*** Opening of The data ***

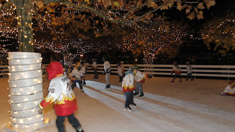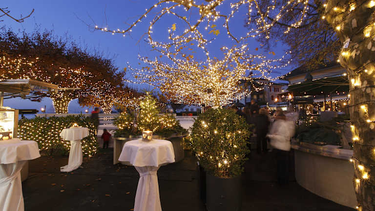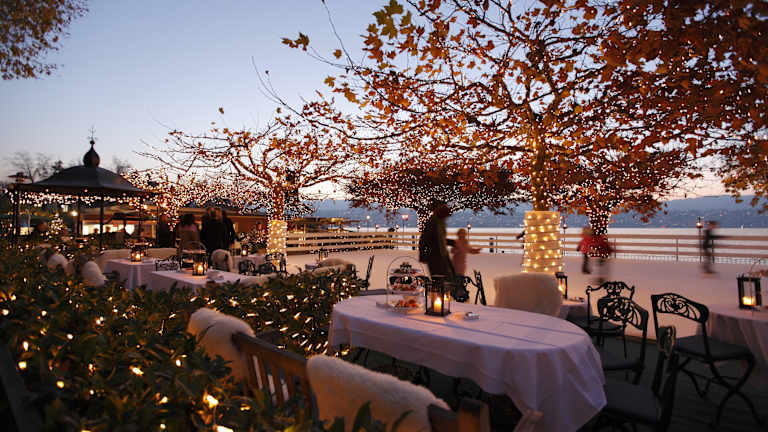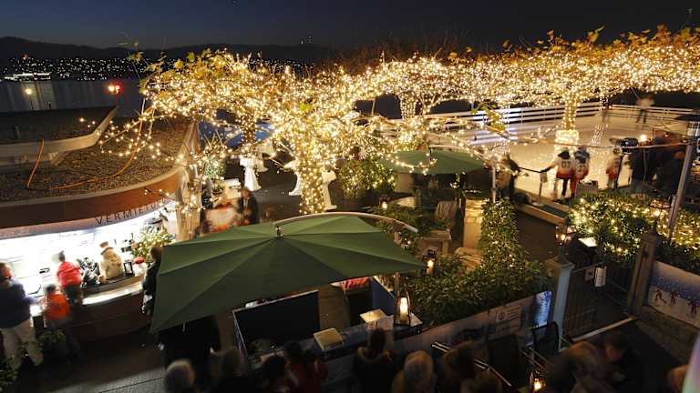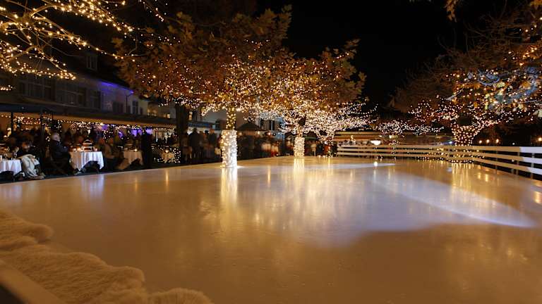 «Live on Ice Küsnacht» Die romantische Eisbahn am Zürichsee Eislaufen, Hand in Hand, mit Blick auf den See und im romantisch beleuchteten Garten Glühwein trinken und sich aufwärmen. Damit sollte das Romantik Seehotel Sonne in Küsnacht seinem Namen richtig gerecht werden: Das Gartenrestaurant direkt am Zürichsee wurde vor drei Jahren erstmals zur Eisbahn umfunktioniert und durch den Lichtkünstler Gerry Hofstetter in eine zauberhafte Wintermärchenwelt verwandelt. Heute ist «Live on Ice Küsnacht» ein winterlicher Treffpunkt für Familien und Geschäftsleute. Neben ungezwungenen Apéros direkt am Eisfeld mit Glühwein, Champagner und einem Säckchen feine Maroni ist auch ein edles Dinner direkt im Hotel Sonne möglich. Wer sich selber sportlich betätigen will, kann einige Runden auf dem rund 200 Quadratmeter grossen Eisfeld drehen, Schlittschuhe können direkt vor Ort gemietet werden. Wer sich auf den wackligen Kufen unsicher fühlt, schaut sich das Ganze aus sicherer Entfernung und eingehüllt in warme Decken an. Das Eisfeld ist in Betrieb vom 10. November 2013 bis 23. Februar 2014.
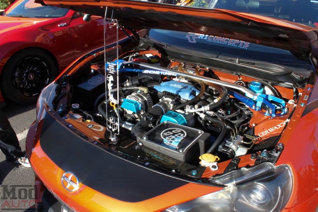 It’s hard to make out in the photo but the FR-S in this photo is fitted with a 2″ widebody setup – this FR-S has enough mechanical grip to darn near drive on the ceiling – the Forgestar F14 Super Deep Concave Scion wheels are wrapped in 335-series tires wide as Montana… 335s on an FR-S! Now I really have seen everything.
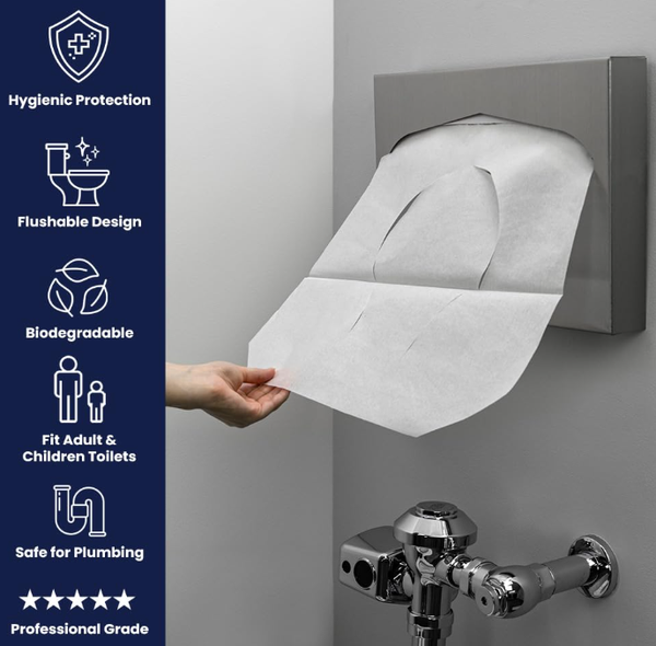 - Environmentally Conscious Toilet Covers: Our disposable seat covers for toilets break down naturally after use and are made from 100% recycled fiber content to help reduce waste
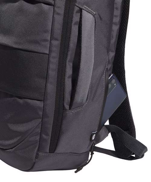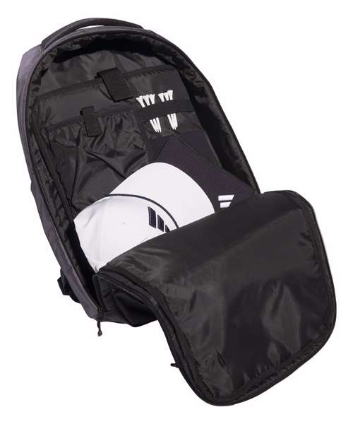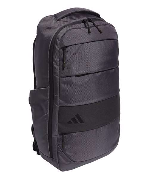 A multipurpose day pack for golfers made in part with recycled materials. Front zip and slip-in side pockets. Laptop sleeve and padded adjustable shoulder straps with chest strap. Top and side carry handles.
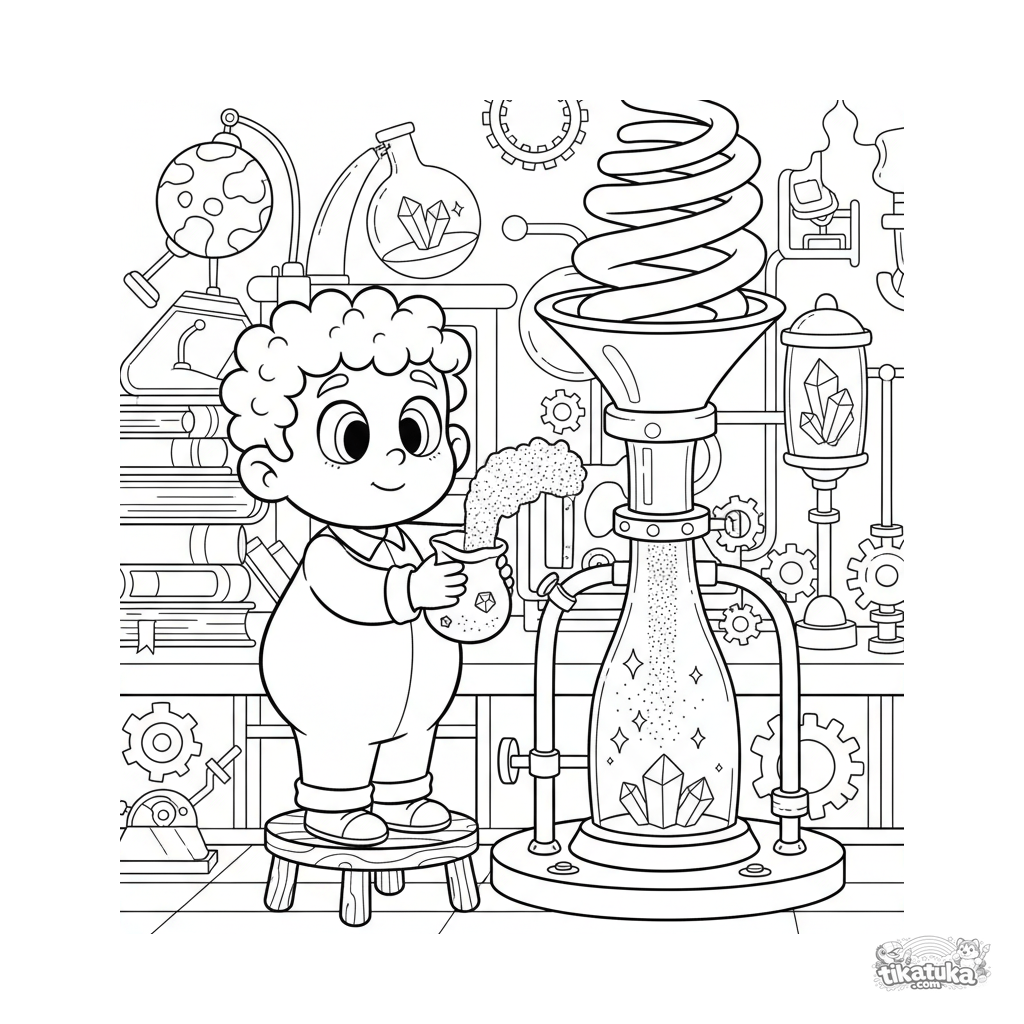Página para colorir para crianças 4-6: um menino em um laboratório secreto despeja pó brilhante em uma máquina de cultivar cristais. Tubos de vidro, bobinas de cobre, banquinho.
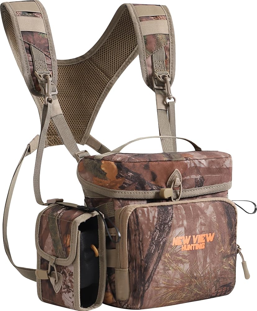 Bino Harness. The binocular harness chest pack is designed with an adjustable strap for a customized fit. The straps are breathable and crafted for all-weather use, ensuring comfort during extended hunting sessions. This hunting bino harness also features dual MOLLE straps on each side of the chest pack, providing secure attachment points for small hunting tools and accessories, making it an essential part of your bino pack for hunting gear
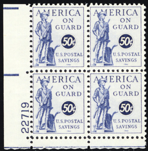 PS13, MNH FVF NH 50¢ Plate Block Postal Savings CV $50 -- Stuart Katz

*** Close of The data ***

**Your assignment**
Copy out all of the data word for word. Do not carry over any picture.

**Your response**
 «Live on Ice Küsnacht» Die romantische Eisbahn am Zürichsee Eislaufen, Hand in Hand, mit Blick auf den See und im romantisch beleuchteten Garten Glühwein trinken und sich aufwärmen. Damit sollte das Romantik Seehotel Sonne in Küsnacht seinem Namen richtig gerecht werden: Das Gartenrestaurant direkt am Zürichsee wurde vor drei Jahren erstmals zur Eisbahn umfunktioniert und durch den Lichtkünstler Gerry Hofstetter in eine zauberhafte Wintermärchenwelt verwandelt. Heute ist «Live on Ice Küsnacht» ein winterlicher Treffpunkt für Familien und Geschäftsleute. Neben ungezwungenen Apéros direkt am Eisfeld mit Glühwein, Champagner und einem Säckchen feine Maroni ist auch ein edles Dinner direkt im Hotel Sonne möglich. Wer sich selber sportlich betätigen will, kann einige Runden auf dem rund 200 Quadratmeter grossen Eisfeld drehen, Schlittschuhe können direkt vor Ort gemietet werden. Wer sich auf den wackligen Kufen unsicher fühlt, schaut sich das Ganze aus sicherer Entfernung und eingehüllt in warme Decken an. Das Eisfeld ist in Betrieb vom 10. November 2013 bis 23. Februar 2014.
 It’s hard to make out in the photo but the FR-S in this photo is fitted with a 2″ widebody setup – this FR-S has enough mechanical grip to darn near drive on the ceiling – the Forgestar F14 Super Deep Concave Scion wheels are wrapped in 335-series tires wide as Montana… 335s on an FR-S! Now I really have seen everything.
 - Environmentally Conscious Toilet Covers: Our disposable seat covers for toilets break down naturally after use and are made from 100% recycled fiber content to help reduce waste
 A multipurpose day pack for golfers made in part with recycled materials. Front zip and slip-in side pockets. Laptop sleeve and padded adjustable shoulder straps with chest strap. Top and side carry handles.
Página para colorir para crianças 4-6: um menino em um laboratório secreto despeja pó brilhante em uma máquina de cultivar cristais. Tubos de vidro, bobinas de cobre, banquinho.
 Bino Harness. The binocular harness chest pack is designed with an adjustable strap for a customized fit. The straps are breathable and crafted for all-weather use, ensuring comfort during extended hunting sessions. This hunting bino harness also features dual MOLLE straps on each side of the chest pack, providing secure attachment points for small hunting tools and accessories, making it an essential part of your bino pack for hunting gear
 PS13, MNH FVF NH 50¢ Plate Block Postal Savings CV $50 -- Stuart Katz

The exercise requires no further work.